With -Ox (-Ogityb1 /Gs) Enable Frame Pointer Omission (FPO)
00401140 _CRC16_C: ; Xref 0040100F
00401140 8B4C2404 mov ecx,[esp+4]
00401144 33C0 xor eax,eax
00401146 8BD1 mov edx,ecx
00401148 49 dec ecx
00401149 85D2 test edx,edx
0040114B 744B jz loc_00401198
0040114D 56 push esi
0040114E 8D7101 lea esi,[ecx+1]
00401151 8B4C240C mov ecx,[esp+0Ch]
00401155 57 push edi
00401156 loc_00401156: ; Xref 00401194
00401156 33D2 xor edx,edx
00401158 8A31 mov dh,[ecx]
0040115A 33C2 xor eax,edx
0040115C 41 inc ecx
0040115D 8BD0 mov edx,eax
0040115F 8BF8 mov edi,eax
00401161 81E2FFFF0000 and edx,0FFFFh
00401167 C1EA0C shr edx,0Ch
0040116A C1E704 shl edi,4
0040116D 668B04551CA04000 mov ax,[off_0040A01C+edx*2]
00401175 6633C7 xor ax,di
00401178 8BD0 mov edx,eax
0040117A 81E2FFFF0000 and edx,0FFFFh
00401180 C1EA0C shr edx,0Ch
00401183 C1E004 shl eax,4
00401186 668B14551CA04000 mov dx,[off_0040A01C+edx*2]
0040118E 6633D0 xor dx,ax
00401191 4E dec esi
00401192 8BC2 mov eax,edx
00401194 75C0 jnz loc_00401156
00401196 5F pop edi
00401197 5E pop esi
00401198 loc_00401198: ; Xref 0040114B
00401198 C3 ret
thank you to all 3 replies, put together there is everything i could ever need to know :) Unfortunately this is not the only reason a C compiler will write better code than me, and probably not the most important reason.
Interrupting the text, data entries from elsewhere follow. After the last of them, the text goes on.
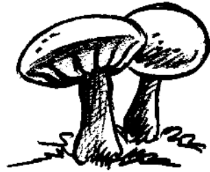
tjai n3 Hongo.
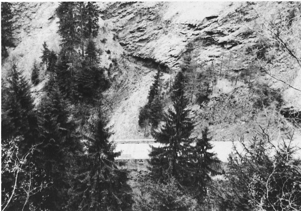
Überreste eines mittelalterlichen Weges auf der gegenüberliegenden Schluchtseite

(Galerie und Wildener-Brücke werden zurzeit renoviert; die Inschrift wurde deswegen vorübergehend entfernt.)
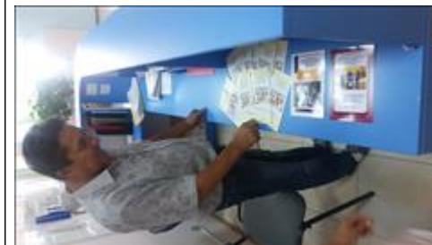
Школа отцов организованы и проведены занятия Школы отцов
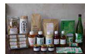
地域のみんなでつくる加工品の開発・製造
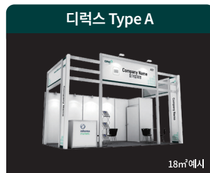
부스 상단 그래픽 제공
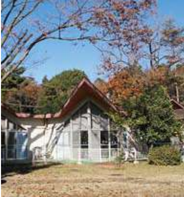
指定管理に移行する「こだま学園」

平成27年度から新たに導入するこだま学園とあさひ育成園は、社会福祉法人はーとふるを随意
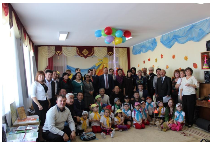
Вот и окончен наш турпоход! (фото с гостями)

I will try to catch up to it :)
Joe,
It just comes with practice but be aware that some algorithms reach their memory imposed speed limit well before they reach their most efficient encodings. Compilers get there a lot of the time because of this factor, with practice you will learn what can and what can't be improved and put your work where it matters.